Het beeld bestond dat het rapport waar mevrouw Van der Plas aan refereert, niet bij de Commissie aanwezig was, maar dat ligt al sinds ik geloof 9 februari 2023 bij de Commissie. Natuurlijk hebben we dat met de Commissie besproken en natuurlijk hebben ze die kennis. Als er nieuwe rapporten zijn, gaan we daarmee naar de Commissie. We zouden geen knip voor de neus waard zijn als we het niet deden. Ik heb vanmiddag gezegd: elk signaal dat we krijgen, elk nieuw inzicht dat we zien, daarmee ga ik naar de Commissaris. Dat heb ik ook de afgelopen periode zo gedaan. Maar ik kan niet anders concluderen, na vier keer de deksel op de neus te hebben gekregen, dan dat er volstrekt geen ruimte is, behalve als wij laten zien dat de waterkwaliteit verbetert. En ja, inderdaad, die derogatiebeschikking leidt tot het afvoeren van dierlijk mest en het aanvoeren van kunstmest. Dat is een negatieve bijwerking van de derogatiebeschikking. Vanzelfsprekend heb ik dat met de Eurocommissaris besproken. Wij zien wat voor enorme catastrofe zich kan afspelen in de agrarische sector. Ik heb het met hem besproken. We hebben het gehad over faillissementen van agrarische bedrijven en over een opschaling van bedrijven. Alles is met hem doorgesproken. We hebben alles omgekeerd, maar de ruimte zit er niet in. Ik ga dan niet naar Europa om daar nog een keer hetzelfde gesprek te voeren, terwijl ik gisteravond nog contact had met de Eurocommissaris. Gisteravond zei hij nog: het gaat niet gebeuren, dan alleen wanneer de waterkwaliteit aantoonbaar is verbeterd volgens onze methodieken. Dat is wat hij zegt. Ik ga geen valse hoop geven aan boeren. Het wordt tijd dat we met elkaar als politiek onze verantwoordelijkheid nemen, in de volle breedte, over de partijen heen en los van de formatietafel. Wij kunnen het ons niet permitteren dat zo veel boeren zo wanhopig zijn. We moeten helpen. Elke stap die we kunnen zetten om te helpen, moeten we nemen. Daarom moeten we nu onze verantwoordelijkheid nemen.

De voorzitter:

Het woord is aan mevrouw Bromet.

Mevrouw Bromet (GroenLinks-PvdA):

Met alle respect voor de minister die vandaag voor de elfde of twaalfde keer dit verhaal vertelt. Ik heb in het debat al tegen hem gezegd: minister, we weten het nu wel. Dat is geen kritiek richting de minister, maar wel richting de BBB, vanwege de vraagstelling. We doen het debat van vandaag in dit tweeminutendebat weer helemaal opnieuw. Ik vind dat geen werkwijze. Je debatteert de hele dag en dan komt er een andere woordvoerder alles nog een keer opnieuw doen. Ik heb daar grote bezwaren tegen. Het is nu 00.10 uur en ik moet ook nog helemaal naar huis rijden. Ik hoop dat het de laatste keer is dat het op deze manier gaat.

De voorzitter:

We gaan hier geen discussie meer over voeren, mevrouw Van der Plas.
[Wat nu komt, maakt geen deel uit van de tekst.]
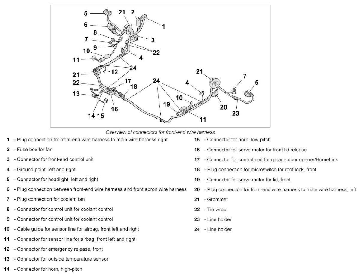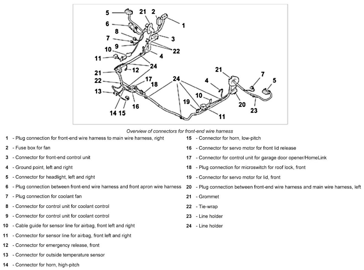 - The wire harness for front end spare parts scope means the scope for fully-equipped vehicles. Depending on the vehicle equipment, connectors not required are tied to the wire harness for front end using tie-wraps.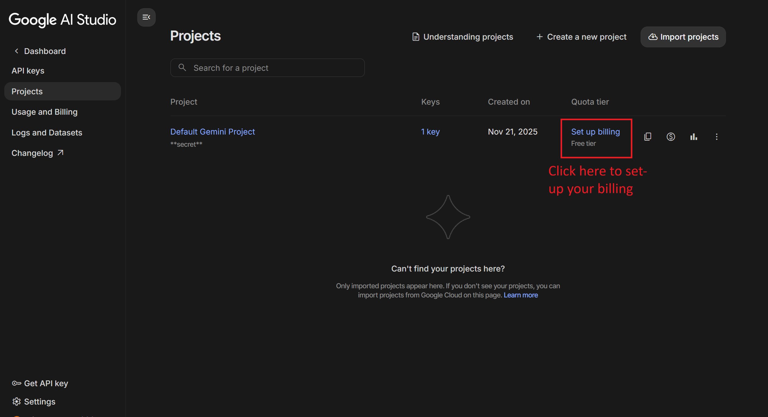 在 API 密钥管理页面,点击你项目旁边的“设置计费(Set up billing)”,然后按照屏幕提示操作即可。

Mevrouw Van der Plas (BBB):

Ik word hier rechtstreeks aangesproken, dus ik maak hier een persoonlijk feit van.

De voorzitter:

Heel kort dan.

Mevrouw Van der Plas (BBB):

Ik bepaal zelf wat ik hier inbreng.

De voorzitter:

Nee, dat bepaalt de voorzitter, mevrouw Van der Plas.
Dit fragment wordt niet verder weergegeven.